VGG16 is a typical deep Convolutional Neural Network (CNN) design with numerous layers, having 16 weight layers: 13 convolutional layers + three fully connected layers) as demonstrated in Table 1 and Figure 4. In VGG16, the convolutional layers extract local features like edges, textures, and patterns from the input image. To capture fine details, 3 × 3 kernels are utilized. Then, the depth increases from 64 to 512 to learn more complex features. The max pooling layers reduce the spatial dimensions (height and width) while preserving the most important features. This process reduces computation and control overfitting. The fully connected layers flatten the 3D feature maps into 1D vectors, acting as a classifier using learned high-level features. The first two layers have 4096 neurons; the last layer has neurons equal to the number of classes. Softmax activation converts raw scores into probabilities over class labels.

Training progress, including loss and accuracy, is visualized in real-time using the training-progress plot. This setup provides a robust and efficient framework for classifying sleep postures from image data.

Where:

Conv3-64 means a 3 × 3 convolution with 64 filters.
MaxPooling is a 2 × 2 pooling operation with stride 2.
ReLU activation is applied after each convolutional and dense layer (except the last).

2.3. Feedforward Neural Network

A Feedforward Neural Network (FNN) is one of the simplest types of artificial neural networks where information moves in only one direction—forward—from the input layer, through one or more hidden layers, and finally to the output layer. Unlike recurrent neural networks (RNNs) [35], an FNN does not have connections that cycle back; it does not retain the memory of previous inputs, making it well-suited for tasks where temporal dependencies are not critical. Each layer in an FNN consists of a set of neurons that apply a weighted sum of the inputs followed by a non-linear activation function. The model learns these weights during training using a backpropagation algorithm that minimizes a chosen loss function, typically through gradient descent optimization.

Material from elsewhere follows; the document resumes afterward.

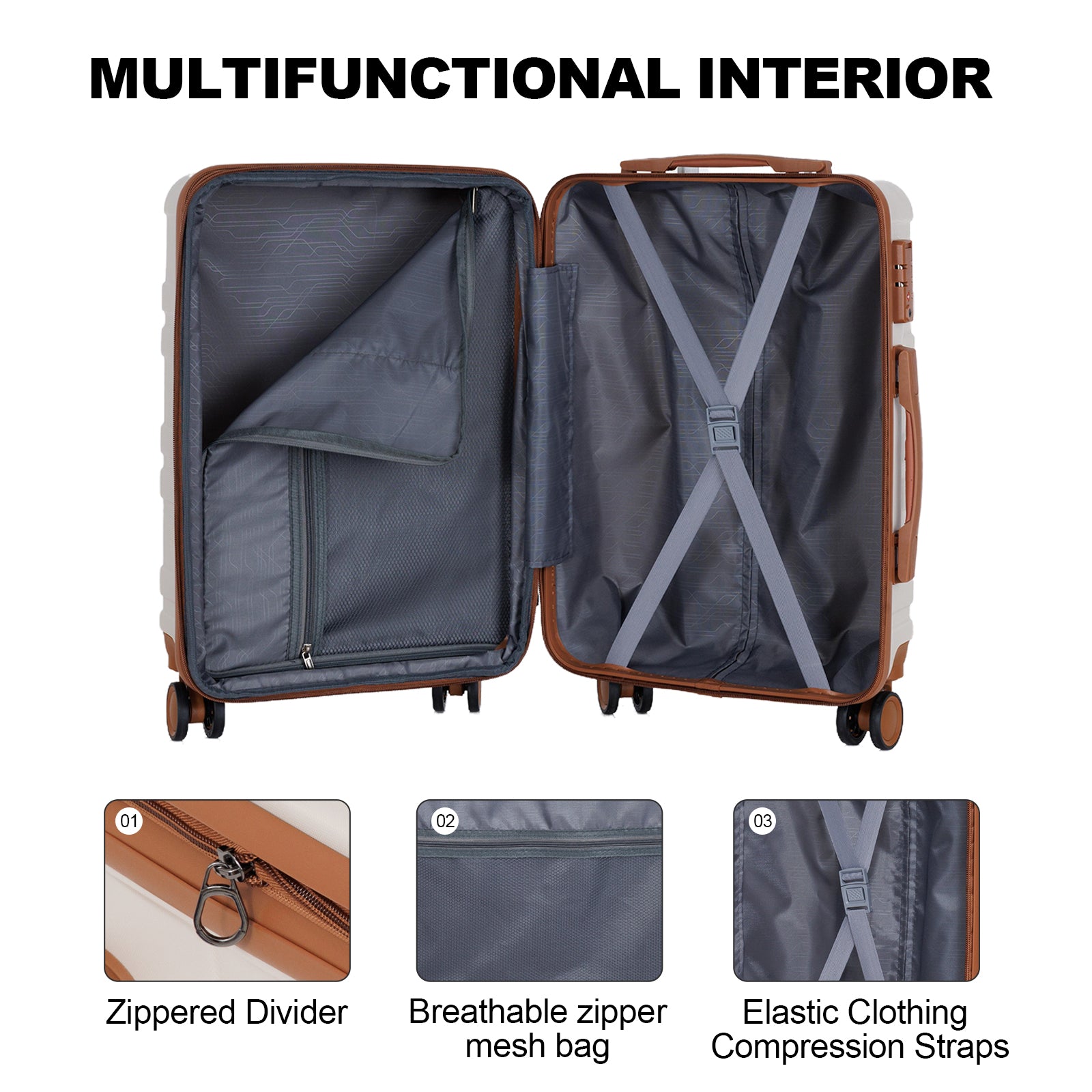 Luggage Sets 3 Piece,Carry On Luggage With Wheels,Check In Luggage,28 24 20 Inch Luggage,Tsa Approved Lock,Hardshell Suitcase,Blue ,Beige Beige Abs

In classification tasks, the output layer typically uses a Softmax activation function to provide a probability distribution over classes. FNN is widely used in pattern recognition and function approximation problems due to its simplicity, efficiency, and ability to approximate complex non-linear mappings. The FNN model working principle contains four main steps:

Step 1. Forward Propagation (Prediction Step):

-: Input data are passed through the network layer by layer.
-: Each neuron computes a weighted sum of its inputs, adds a bias, and applies an activation function.

z = w · x + b

(1)

a = f(z)

(2)

where

-: w: weights vector.
-: x: input vector.
-: b: bias term.
-: f: activation function (e.g., ReLU, sigmoid, tanh).
-: a: output of the neuron.
-: This continues through all hidden layers to produce the final output.

Step 2. Loss Calculation:

-: The network’s predicted output ŷ is compared with the true target y using a loss function based on mean squared error for regression:

L = \frac{1}{n} \sum {(y - \hat{y})}^{2}

(3)

where

\frac{1}{n}

is the average of the total error across all n samples.

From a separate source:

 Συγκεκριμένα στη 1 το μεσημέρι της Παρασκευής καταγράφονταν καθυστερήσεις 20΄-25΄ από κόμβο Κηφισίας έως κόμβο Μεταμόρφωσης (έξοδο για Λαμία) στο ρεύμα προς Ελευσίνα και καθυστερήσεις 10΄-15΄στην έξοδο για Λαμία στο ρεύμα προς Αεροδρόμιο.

Step 3. Backpropagation (Learning Step):

-: The error is propagated backward through the network.
-: The gradient of the loss function is computed with respect to each weight using the chain rule.

Step 4. Weight Update:

-: Weights are updated using gradient descent based on the formula below:

w_{n e w} = w_{o l d} - η \frac{\partial L}{\partial w}

(4)

where

w_old: current weight before the update.
w_new_: updated weight after applying gradient descent.
η: learning rate: a small positive value that controls how big a step to take in the direction of the gradient.
- If η is too large → training may overshoot or diverge.
- If η is too small → training becomes very slow.

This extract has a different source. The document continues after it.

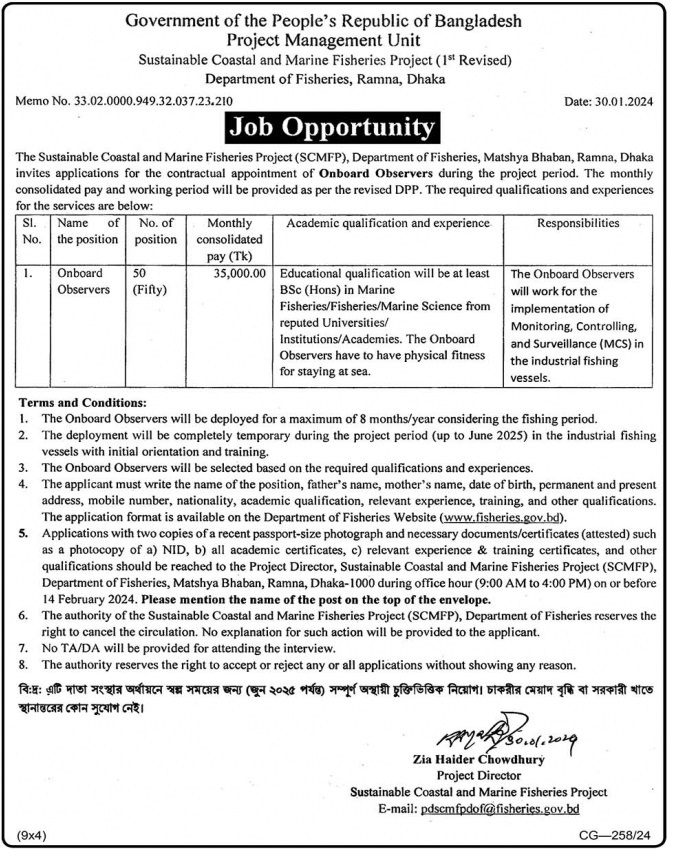 All eligible unemployed citizens of Bangladesh can apply for the Department of Fisheries Job Circular. If you are an eligible candidate to apply for this Job notification then without delay apply as soon as possible as per the instructions given by the authorities within the specified time.

-: $\frac{\partial L}{\partial w}$ : gradient of the loss function L with respect to weights.

This process repeats many iterations (epochs) until the model learns to make accurate predictions.

3. Experiment and Result Analysis

The AI models were elaborated and trained by a high-performance workstation equipped with a 13th Gen Intel Core i9-13900 processor running at 2.00 GHz, paired with 64 GB of RAM. It features an NVIDIA GeForce RTX 3070 GPU with 8 GB of VRAM, providing robust support for deep learning, image processing, and GPU-accelerated applications. The system runs a 64-bit operating system on an ×64-based processor architecture, ensuring compatibility with modern software environments. Designed for performance and scalability, it is well-suited for both research and professional applications in fields like machine learning, scientific computing, and multimedia processing.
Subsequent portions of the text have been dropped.